Input material ▸
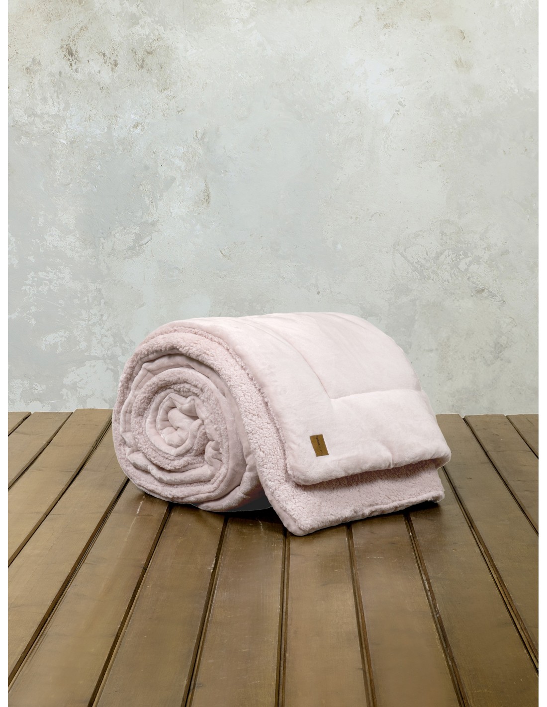 Το Κουβερτοπάπλωμα Cira Nude Pink συνδυάζει τη ζεστασιά και την πολυτέλεια με μια μοντέρνα αίσθηση. Η πάνω πλευρά του είναι κατασκευασμένη από μονόχρωμο flannel, προσφέροντας απαλή και πολυτελή αίσθηση, ενώ η κάτω πλευρά είναι καλυμμένη με sherpa, παρέχοντας εξαιρετική θερμότητα και άνεση. Το απαλό ροζ χρώμα του δίνει μια ρομαντική νότα στο υπνοδωμάτιό σας, δημιουργώντας 'εναν ζεστό και φιλόξενο χώρο. Το κουβερτοπάπλωμα αυτό είναι ιδανικό για τις πιο κρύες νύχτες, καθώς η πλούσια βελουτέ υφή του και η αφράτη και ζεστή αίσθηση της sherpa, εξασφαλίζoυν ένα πραγματικό χουχούλιασμα στο κρεβάτι σας.
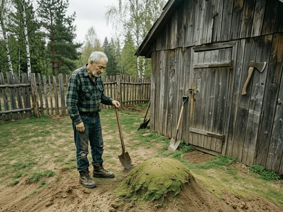 • Mikhail Zorov je živio u malom selu, Vjazivka, daleko od buke i stresa gradskog života. Ovaj bivši vojnik odlučio je povući se u tišinu prirode i posvetiti se jednostavnom životu. Svakog dana, Mikhail je izlazio iz svoje stare drvene kuće, pio topli čaj i na trenutak zastao da pogleda u dvorište. Iza štale, njegov pogled uvijek bi zalutao prema jednom neobičnom detalju – malom brdu koje je stajalo tamo, gotovo nezamijećeno.
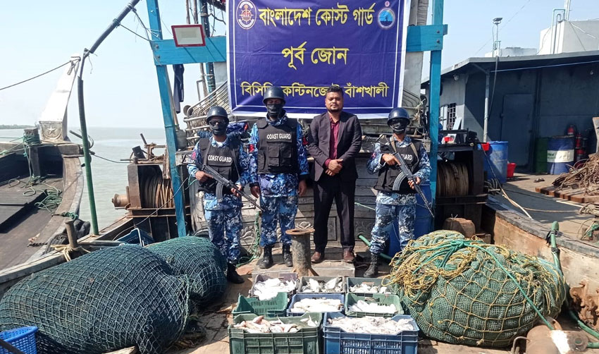 চট্টগ্রামের বাঁশখালীতে জাল ও সামুদ্রিক মাছসহ ১ টি অবৈধ আর্টিসানাল ট্রলিং বোট জব্দ করেছে কোস্ট
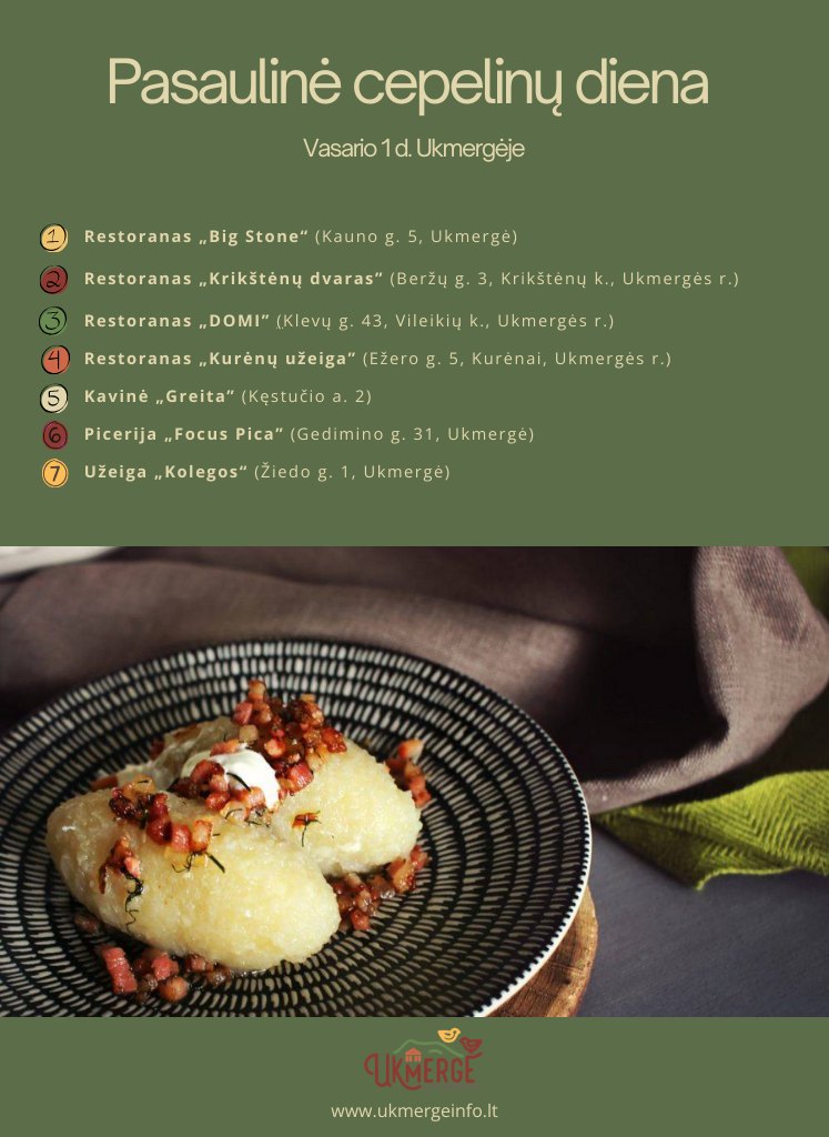 Nuo 2014 metų kiekvieną pirmąjį vasario sekmadienį minima Pasaulinė cepelinų diena. Ukmergiškiai taip pat kviečiami prisijungti.
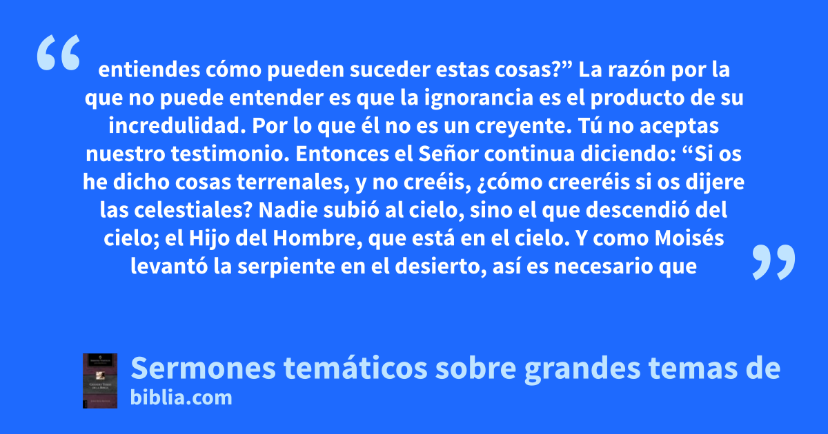 entiendes cómo pueden suceder estas cosas?” La razón por la que no puede entender es que la ignorancia es el producto de su incredulidad. Por lo que él no es un creyente. Tú no aceptas nuestro testimonio. Entonces el Señor continua diciendo: “Si os he dicho cosas terrenales, y no creéis, ¿cómo creeréis si os dijere las celestiales? Nadie subió al cielo, sino el que descendió del cielo; el Hijo del Hombre, que está en el cielo. Y como Moisés levantó la serpiente en el desierto, así es necesario que
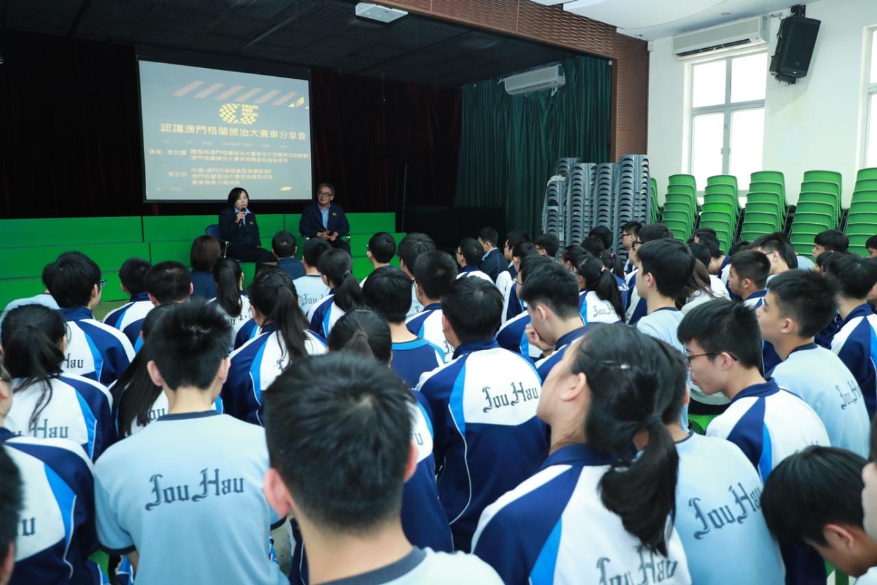 是次活動主題為認識澳門格蘭披治大賽車,主講嘉賓在分享會上介紹澳門格蘭披治大賽車的歷史發展及相關籌備工作等,讓學生們體會到澳門格蘭披治大賽車是屬於澳門人的體育盛事,同時亦是帶動澳門旅遊及經濟發展的知名品牌。學生們對於分享會的內容深感興趣,並踴躍進行發問,現場氣氛熱烈。
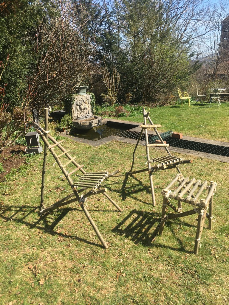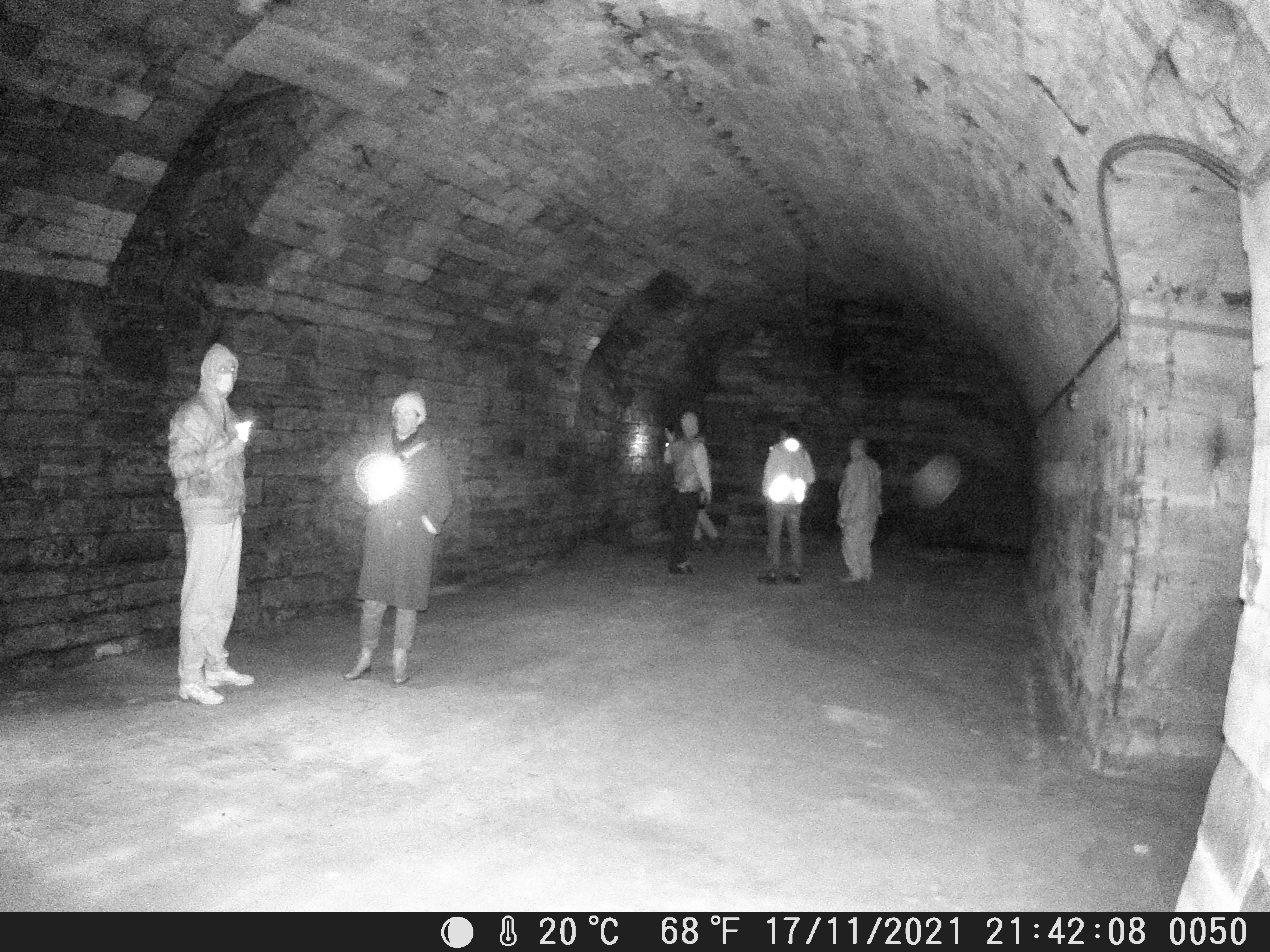 The exhibition space, a vaulted cellar, is staged as a hybrid survival setting. Once settled under the tarp, the eyes of the visitors become accustomed over time and orient themselves: logs piled up in front of the feet to form a campfire, in which a cell phone is embedded, over whose screen a tick runs again and again to a quiet chirping. A kind of chair made of sticks in the light of a flashlight, which casts a cryptic sign as a shadow on the ground…
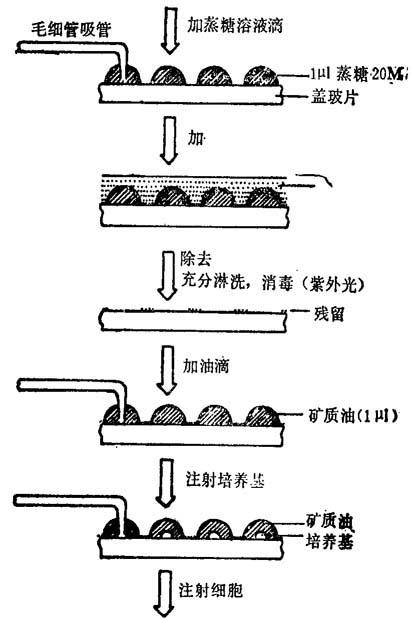 图3-2 制备微滴过程 琼脂培养法,无论是原生质体与0.6%琼脂混合前在液培时再生细胞壁,或是在原生质体游离后,立即放在琼脂培养基上。我们应用的方法是将原生质体同等体积的处在45℃的琼脂培养基混合,此法已成功地应用于烟草原生质体培养。然后把少量原生质体琼脂混合物制成平板。使用这个方法,原生质体处在固定位置,所以避免原生质体集积,可以追踪分开的克隆。 琼脂培养方法结合饲养原生质体的想法能提高某些难培养原生质体的植板效率。Raveh等(1973)把经x-辐射的无分裂能力的烟草原生质体,与低密度的正常而有活力的烟草原生质体混合,然后把有活力和无活力原生质体混合物制成0.6%琼脂平板。也可采用饲养层法,即把经x-辐射不能分裂的饲养细胞先与0.6%琼脂混合,然后植板,再将有活力原生质体与0.6%琼脂混合,把它成层植板在x-辐射饲养层细胞上面。 另一个原生质体培养技术是,已报道复合培养能改良某些植物的原生质体植板效率。将迅速生长的如烟草悬浮培养物的原生质体同十分难培养植物的原生质体以不同比例混合。这个迅速生长的原生质体可能给另一种原生质体提供生长因素和未知化学物质,它们有利于原生质体的细胞再生和细胞分裂。同样地,Menczel等(1978)用微量吸管技术分开原生质体衍生的单个细胞,并把它们转移到白化细胞的看护培养物上。根据克隆颜色,可以区分从单个原生质体产生的绿色克隆和白化细胞产生的白化克隆。Menczel等(1978)用这个方法发现了随原生质体融合后产生的分开杂种细胞。 悬滴方法能培养每个滴比常规小滴方法较少的原生质体。这个方法简化了小群原生质体分析,它可在倒置的液体0.25—0.50μl液滴中培养原生质体。培养单个原生质体更适宜方法有Kao(1977)和Gleba(1978)使用过的微分离方法。这个方法是机械地分开成单个原生质体,放在分开的培养池中,然后,能长期追踪这些单独原生质体。Cuching(1982)提出运用显微操作器人工选取单个原生质体进行分别培养,更适于追踪各个原生质体的发育状态和其再生植株或融合杂种细胞的遗传变异。 (四)原生质体活力试验 检测原生质体活力的最常用染色方法有酚藏花红和荧光增白剂,当在细胞膜中积累萤光素二乙酸(FDA)时,在5min内,活的完整原生质体发出黄绿色萤光。溶解在5.0mg/l丙酮中的FDA加到原生质体培养体,使最终浓度为0.01%。原生质体破裂散出的叶绿素发出红色萤光。因此,原生质体制剂中的活原生质体百分率容易统计。虽然,用FDA处理的原生质体必需在染色后5—15min之间进行检测,因15min后,FDA从膜中游离出来。 酚藏花红也是用0.01%最终浓度,它对死亡原生质体是专化的。把它与原生质体制剂混合后染色,无生活力原生质体立即染成红色。活原生质体仍未被酚藏红染色,即使染色30min后也仍不染色。 或许是最普遍应用于检查原生质体活力的染色,它能检测开始细胞壁再生。荧光增白剂(CFW)束缚新合成细胞壁中的葡萄糖苷的β-键。当0.1m1原生质体与0.5μl0.1%的CFW溶液混合实现适宜染色。用质膜周围萤光环观察细胞壁合成。也可用CFW染色细胞分裂板。 用于检定原生质体活力的其他方法有:观察胞质环流,排斥Evans蓝染料,随渗透改变的原生质体体积变化,氧吸收研究和光合作用活性。 原生质体活力试验是重要手段,特别是当为了生化研究的原生质体制备。虽然,原生质体的真正活力是原生质体能通过持续有丝分裂,再生成愈伤组织,并最终再生成植株。 (五)细胞壁形成和持续分裂 一般认为细胞壁再生是核和细胞分裂的先决条件。然而,至少有一个例子,无细胞壁再生时,也观察到核分裂。用电子显微镜研究了培养烟草原生质体的细胞壁再生过程,这些研究指出,新游离的原生质膜含有突出的微管,它在新合成纤维素微丝的方向上有作用。这些纤维素微纤丝是在烟草对数生长期2天后合成的。Asamizu等(1977)报道,纤维素微纤丝首先合成的比以后合成的短,其中新合成的一些纤维围绕微管的方向。这个偶然的纤维素基质终成加厚,纤维方位与质膜平行,导致形成连续细胞壁。 细胞壁再生的速率和调节,决定于植物种类和用于原生质体游离的受体细胞的分化状况。烟草属、矮牵牛属、蔓陀罗属和芸薹属的叶肉原生质体都很快形成新细胞壁。在24h内,在光学显微镜下观察到圆形原生质体变成卵圆形,并可用CFW染色检测到细胞壁。另外,有的报道,禾谷类和豆科植物叶肉原生质体不能形成细胞壁。 在一些种植物上观察到称为原生质体出芽的不完全细胞壁再合成。发生出芽被认为是由于果胶未进入新细胞壁,并且是出现在新合成细胞壁的薄弱区。 控制细胞壁合成,除了遗传因子之外,培养基成分对细胞壁再生也是重要的。例如,蔗糖浓度超过0.3M和山梨醇超过0.5M时,抑制细胞壁形成。在难培养成功的植物中,如燕麦,加入某些化学药品对细胞壁再合成和细胞分裂是重要的。证实某些种植物,细胞壁的再合成要求一定生长调节剂。然而,常用的生长调节剂如2,4-D和ZEA对细胞分裂的调节作用显然比细胞壁再生更重要。 第一次细胞分裂依赖于壁的形成,但在少数植物上,看到细胞分裂早于壁的形成。许多因子对开始细胞分裂是重要的,如受体植物的基因型、培养基、环境培养条件和用于原生质体游离的受体组织条件。例如,用迅速生长的常常通过第一次分裂的细胞的细胞培养体游离原生质

Exercise description ▸ Restate the data word for word from its first line through the line with "tamo, gotovo nezamijećeno.", leaving out any picture along the way.

Written answer ▸
 Το Κουβερτοπάπλωμα Cira Nude Pink συνδυάζει τη ζεστασιά και την πολυτέλεια με μια μοντέρνα αίσθηση. Η πάνω πλευρά του είναι κατασκευασμένη από μονόχρωμο flannel, προσφέροντας απαλή και πολυτελή αίσθηση, ενώ η κάτω πλευρά είναι καλυμμένη με sherpa, παρέχοντας εξαιρετική θερμότητα και άνεση. Το απαλό ροζ χρώμα του δίνει μια ρομαντική νότα στο υπνοδωμάτιό σας, δημιουργώντας 'εναν ζεστό και φιλόξενο χώρο. Το κουβερτοπάπλωμα αυτό είναι ιδανικό για τις πιο κρύες νύχτες, καθώς η πλούσια βελουτέ υφή του και η αφράτη και ζεστή αίσθηση της sherpa, εξασφαλίζoυν ένα πραγματικό χουχούλιασμα στο κρεβάτι σας.
 • Mikhail Zorov je živio u malom selu, Vjazivka, daleko od buke i stresa gradskog života. Ovaj bivši vojnik odlučio je povući se u tišinu prirode i posvetiti se jednostavnom životu. Svakog dana, Mikhail je izlazio iz svoje stare drvene kuće, pio topli čaj i na trenutak zastao da pogleda u dvorište. Iza štale, njegov pogled uvijek bi zalutao prema jednom neobičnom detalju – malom brdu koje je stajalo tamo, gotovo nezamijećeno.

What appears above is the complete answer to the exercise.